Required work »
From the records below, output exactly the lines running from the line containing "Durante el siglo" through the line containing "アートな雰囲気の展望台です。", and no others.

Dataset entries »

- - -

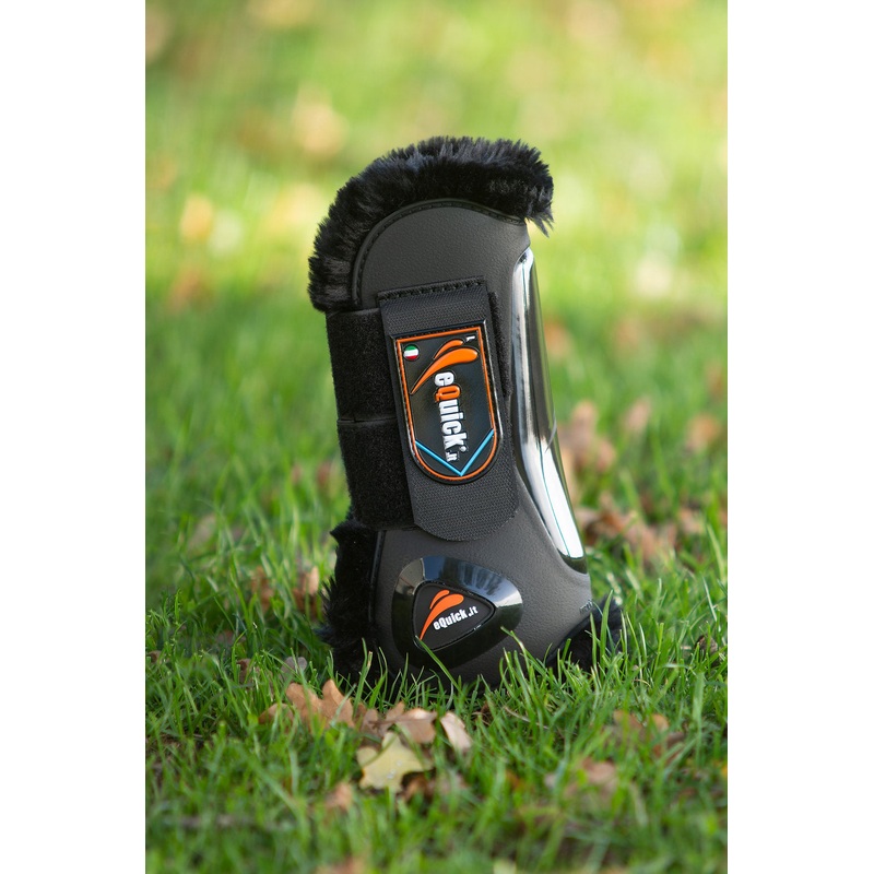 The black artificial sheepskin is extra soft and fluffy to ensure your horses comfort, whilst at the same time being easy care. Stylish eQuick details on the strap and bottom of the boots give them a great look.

- - -

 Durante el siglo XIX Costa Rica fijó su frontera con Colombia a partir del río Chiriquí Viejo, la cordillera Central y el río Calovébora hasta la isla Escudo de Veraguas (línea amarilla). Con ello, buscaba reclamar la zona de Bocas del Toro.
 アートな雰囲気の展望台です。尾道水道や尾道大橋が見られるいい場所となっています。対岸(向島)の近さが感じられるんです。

- - -

Output of the exercise »
 Durante el siglo XIX Costa Rica fijó su frontera con Colombia a partir del río Chiriquí Viejo, la cordillera Central y el río Calovébora hasta la isla Escudo de Veraguas (línea amarilla). Con ello, buscaba reclamar la zona de Bocas del Toro.
 アートな雰囲気の展望台です。尾道水道や尾道大橋が見られるいい場所となっています。対岸(向島)の近さが感じられるんです。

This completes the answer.